Une des particularités de la médecine
pédiatrique et surtout néonatale est que le soigné ne
décide pas pour lui. La prise de décision est rendue parfois
complexe par la relation triangulaire parent enfant soignant.
L'objectif du soin est de guérir le patient ou du moins
soulager sa souffrance mais aussi de s'assurer du bien être des parents.

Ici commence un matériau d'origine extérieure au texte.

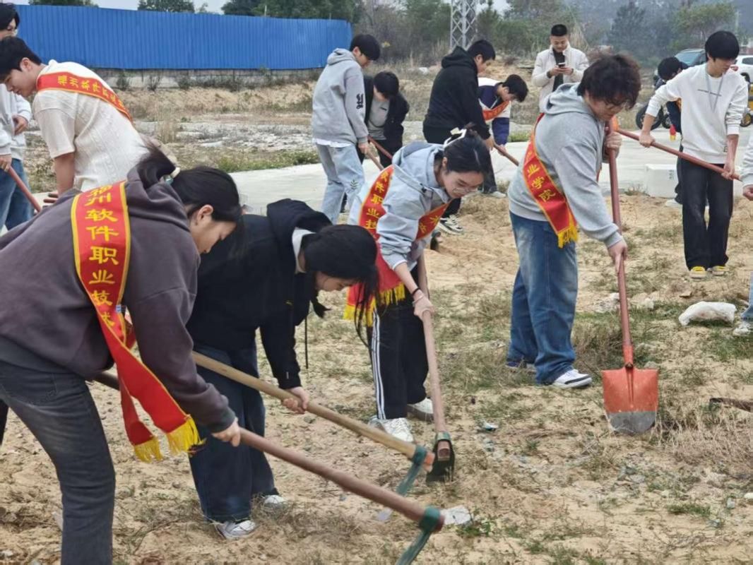 随后,各辅导员带领学生分组行动,迅速投入劳动:学生们有的手持锄头弯腰拔除地里的杂草,有的拿着铲子将深埋土中的石头逐一挖出,还有同学蹲下身用手细致清理土壤里的碎石块;老师们穿梭在劳动队伍中,一边示范标准的劳作动作,一边提醒学生注意工具使用安全。现场的学生志愿者们佩戴着绶带,相互配合、干劲十足,即便泥土沾手,也始终保持着高涨的热情,女生们细心清理浅层杂草与碎石,男生们则主动承担起深层挖石的体力活,劳动场景热火朝天。
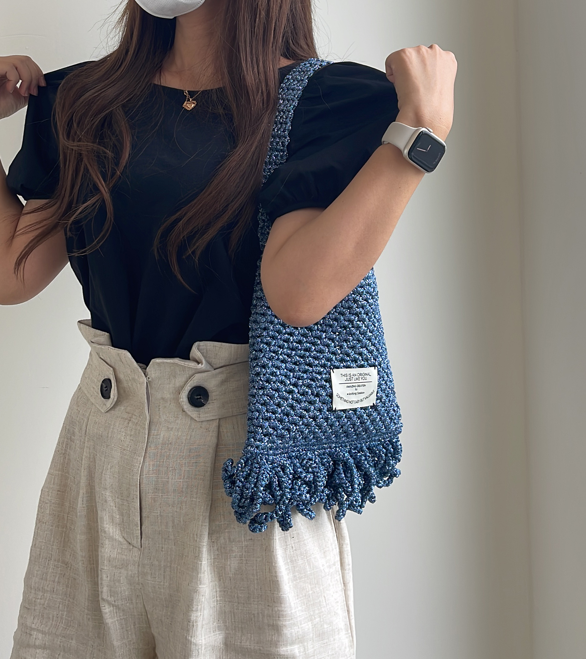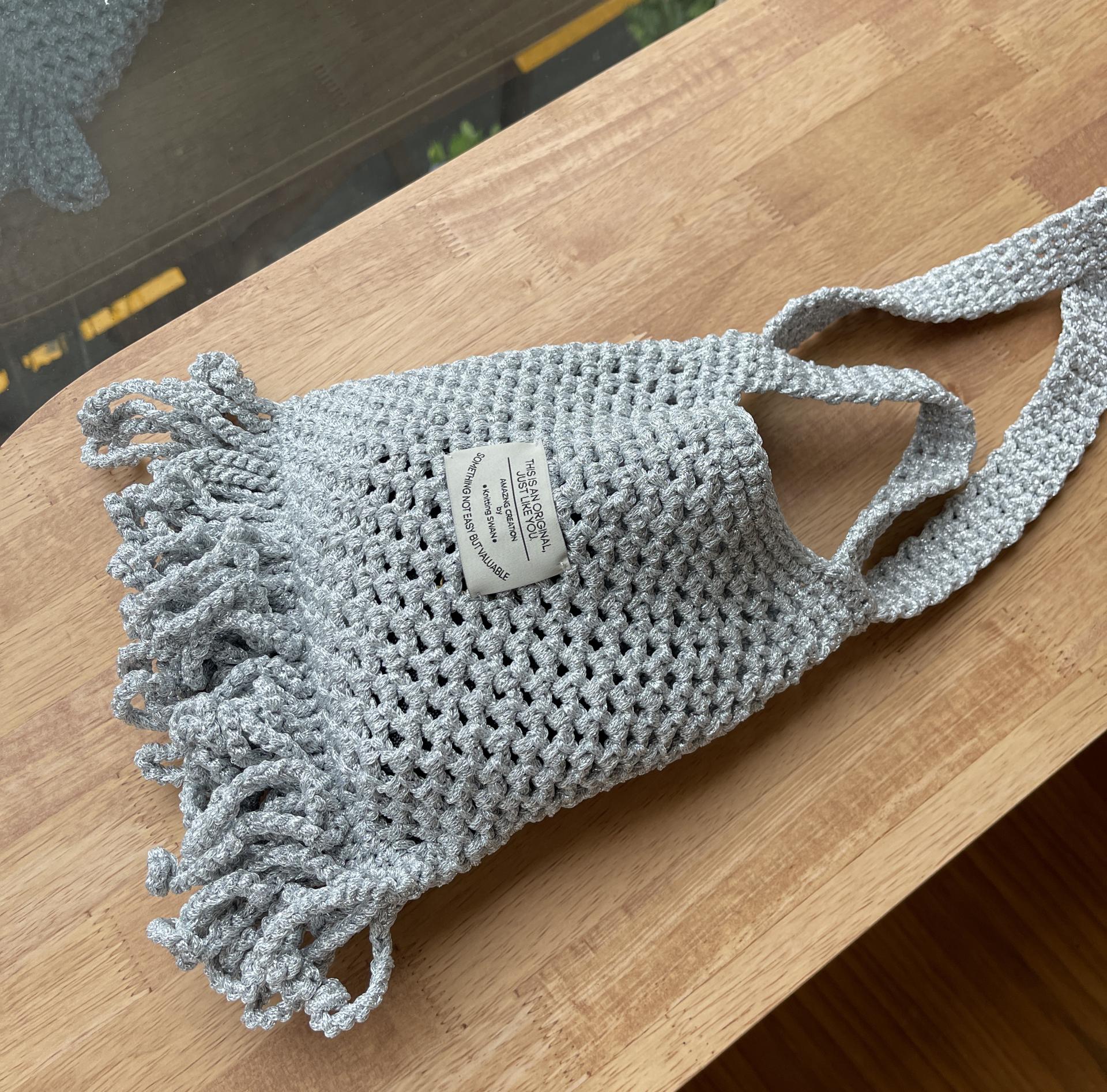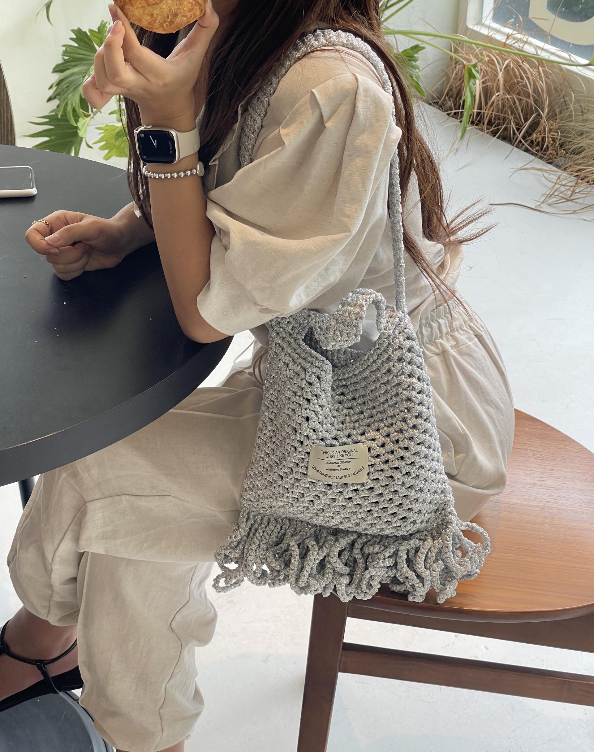 도톰하고 반짝이는실로 촘촘한 그물패턴으로 만드는 가방입니다.

On le voit bien dans les cas où l'enfant peut être sauvé
mais avec des séquelles tellement importantes
65
que les parents devront réorganiser complètement
leur vie pour s'en occuper. Le principe de bienfaisance à court terme
pour l'enfant, conduit à long terme à une situation de souffrance
pour les parents qui peuvent en vouloir à l'équipe
médicale de s'être acharnée pour rien.
Le statut juridique du nouveau-né, s'il est celui de
toute personne à partir du moment où il est déclaré
vivant et viable, a bénéficié de dispositions
particulières (Loi n° 2005-370 du 22 avril 2005 relative aux droits
des malades et à la fin de vie dite loi Leonetti et Décret
n°2006-120 du 6 février 2006)
Il existe donc toujours une séparation radicale entre
la condition foetale et la condition néonatale en droit français,
mais au-delà de cet aspect, la naissance permet la reconnaissance de
l'enfant par ses parents. Même si en période anténatale le
couple a pu déjà voir son futur enfant par le biais des
échographies, ce n'est vraiment qu'à la naissance, par le
croisement des regards entre l'enfant et ses parents, que sa condition va
changer. Emmanuel Lévinas (13) affirme qu'en définitive,
le surgissement du visage nous convoque à la responsabilité de ce
visage. « Autrui me concerne avant toute dette que j'aurais
contractée à son égard, je suis responsable de lui
indépendamment de toute faute commise vis-à-vis de lui. Cette
relation où l'obligation à l'égard d'autrui prime tout ce
que je pourrais attendre de lui est essentiellement asymétrique
». C'est donc la naissance et la rencontre avec
ce visage qui va changer la condition du foetus et non pas
l'âge gestationnel.
On passe par trois phases : la « naissance » quand
la mère sent son enfant bouger et le voit à l'échographie,
la « connaissance » au moment de l'accouchement et la «
reconnaissance » après avoir établi une relation avec
lui.
Cette reconnaissance est perturbée en période
néonatale si l'hospitalisation a eu lieu avant que l'enfant rentre
à domicile. Il peut y avoir alors des problèmes d'attachement
altérant le lien parent enfant.
De cette spécificité du nouveau-né
découle la notion que sa vie devrait toujours être
respectée, alors que celle du foetus peut être interrompue dans
certains cas.
Tous ces éléments font que la réflexion
éthique est unique dans ce domaine de la médecine.